Before I get started on this topic I must admit that this area of writing is my weakness, especially passive writing (which isn’t covered here but will be covered later in the course). Yesterday I wrote a short post on Editor and Proofreader’s Tools but I strongly believe one item is missing from that list. Every writer and editor should have a really good (localised) grammar reference book. This is something I don’t have (oh, I have books on the topic but nothing localised) and I need to rectify this oversight. Can anyone recommend an Australian grammar reference book please?
8: Good Grammarian I
No matter why you write — author, journalist, business person, student — and no matter why you may be checking another person’s writing — editor, copyeditor, proofreader — you need to understand grammar.
Grammar is language, it’s words and how they are used, it’s sentences and how they are arranged. As a writer or editor you need good grammar skills.
A Person or People
A person can’t help their birth.
-William Makepeace Thackeray, Vanity Fair (1848)
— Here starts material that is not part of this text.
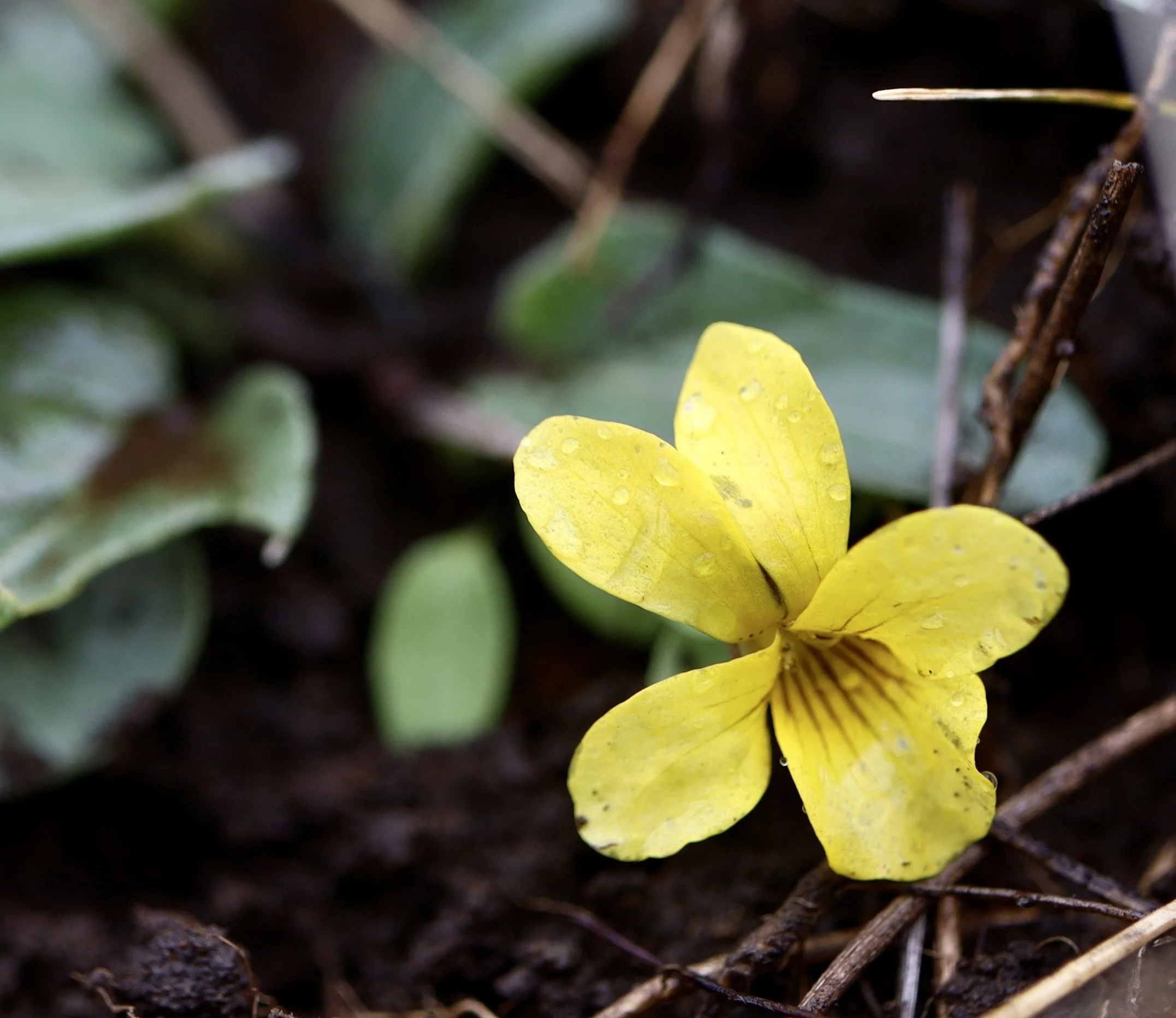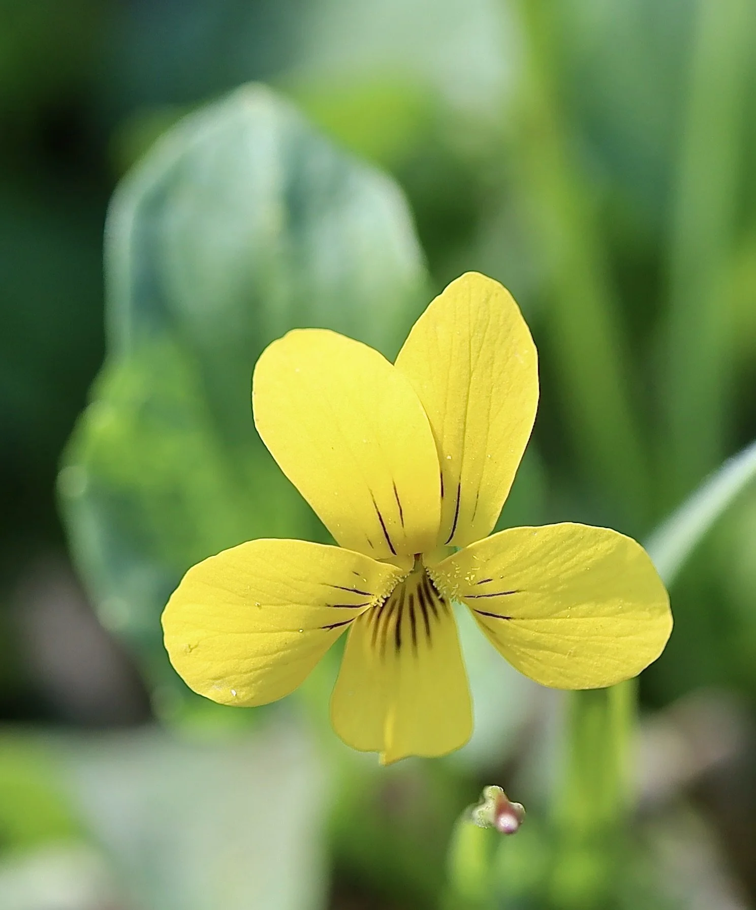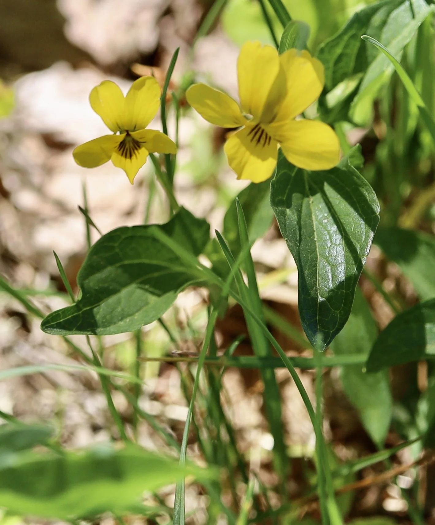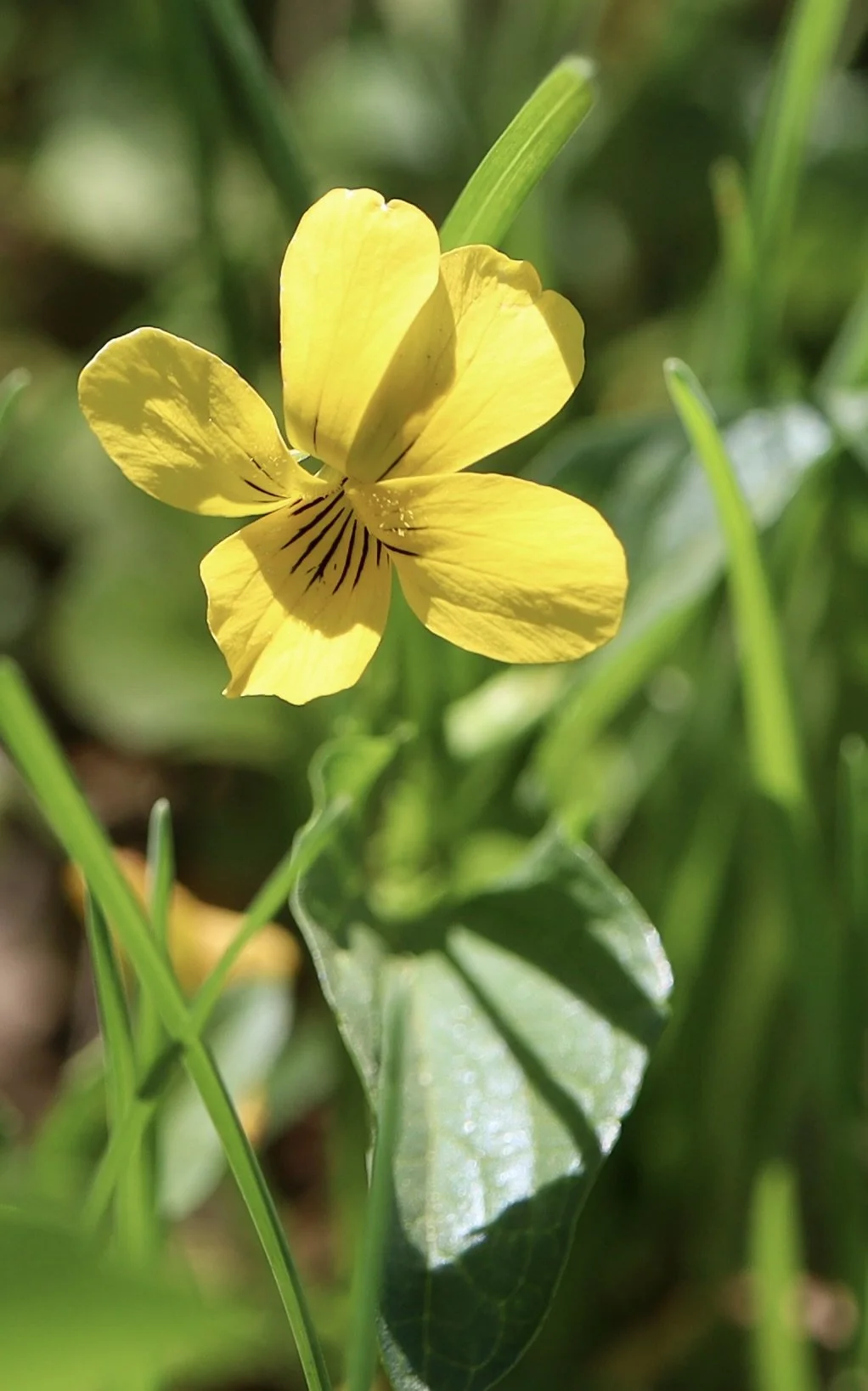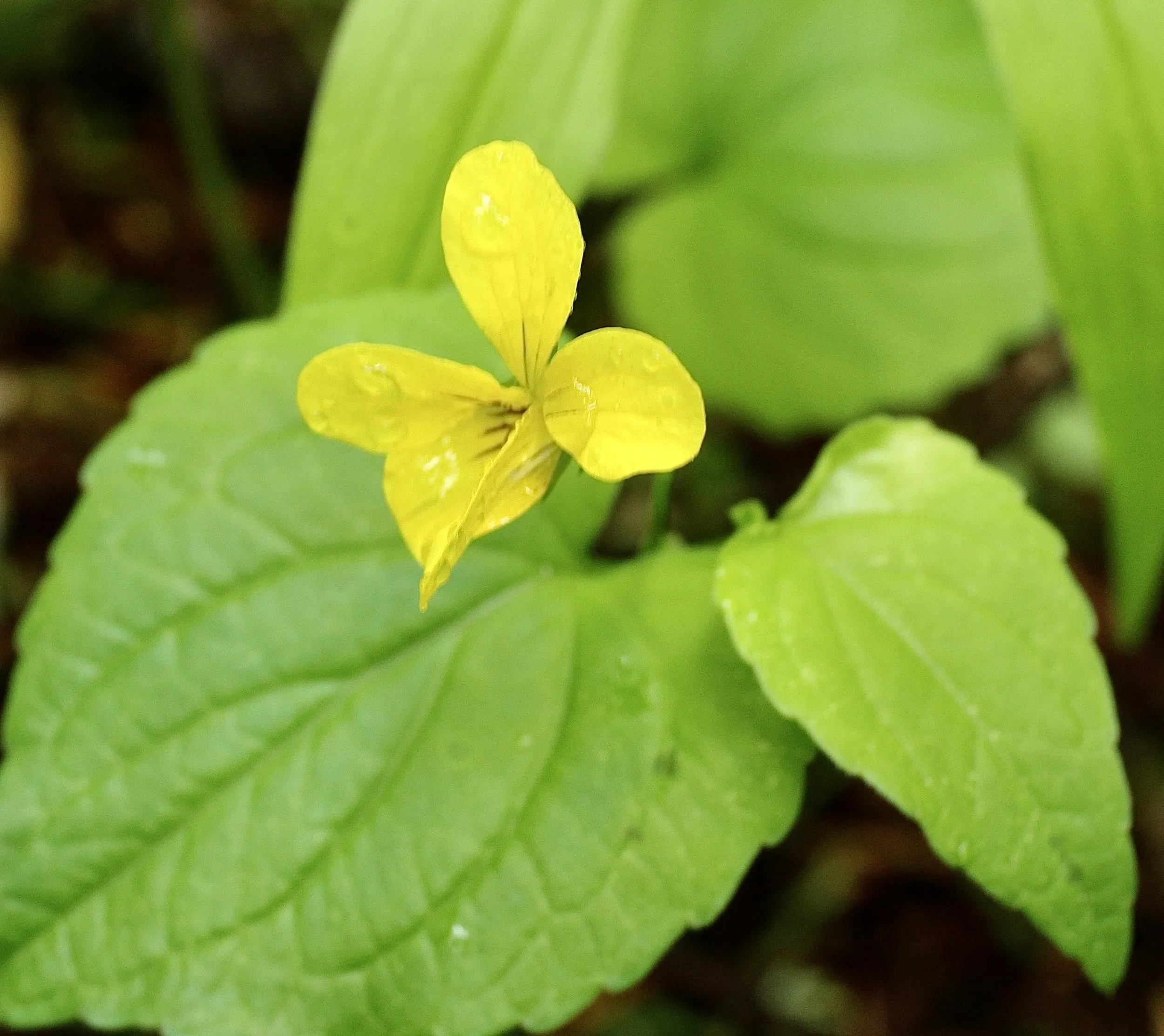 Often growing next to streambanks, or in moist forests, the Stream or Smooth Yellow violet has heart-shaped leaves that taper to a point. The bright yellow flowers have five petals, the lower three petals have dark purple stripes on them.

Apparently, over the years there’s been a lot of debate about how this one sentence should have been worded.
Some say he should have written:
A person cannot help his or her birth.
Others say:
People cannot help their birth.
Since the twelfth century dozens of famous authors have chosen use words such as “them”, “theirs” and “they” as single, gender-unspecific words. However from a grammar point of view all these are wrong. The correct useage are those in bold above.
I or Me
Often people use “me” when the correct grammar requires the word “I”. The best way to check which word should be used is to remove the other person.
Example: Me and my friend watched a movie.
When we take out the other person we get:
Me watched a movie.
Obviously this is incorrect so the correct word to use is “I”.
I and my friend watched a movie.
As awkward as this sounds, it is correct grammar, but it sounds better to put the friend first.
My friend and I watched a movie.
Can a thing “see”?
It has become a trend to have non-living things “see”.
Example: The company will see a change of policy next year.
However, the company is not a person and cannot see so the sentence is incorrect. The only way to correct the sentence is to reword it.
The company will have a change of policy next year.
Split-Infinitives
Now this is a difficult one!
An “infinitive” is regarded as a single word.
Example: to go
A split-infinitive is when an adverb is added which separates the infinitive.
Example: to quickly go
From a grammarian’s point of view “to quickly go” is incorrect. However, writers steadfastly claim that split-infinitives are rhetorical faults that can effect writing styles.
There is no actual rule on this one.
Most people have heard of the following:
To boldly go where no man has gone before.
To write this same sentence and have it grammatically correct, it would read:
To go boldly where no man has gone before.
Incorrect or not, the first sentence is the much better choice as it has much more punch.
From an editing point of view, split-infinitives are wrong but an editor should never override the author. The best policy is to avoid them (split-infinitives, not authors) as much as possible, but if it is the clearest and best way to go, use it.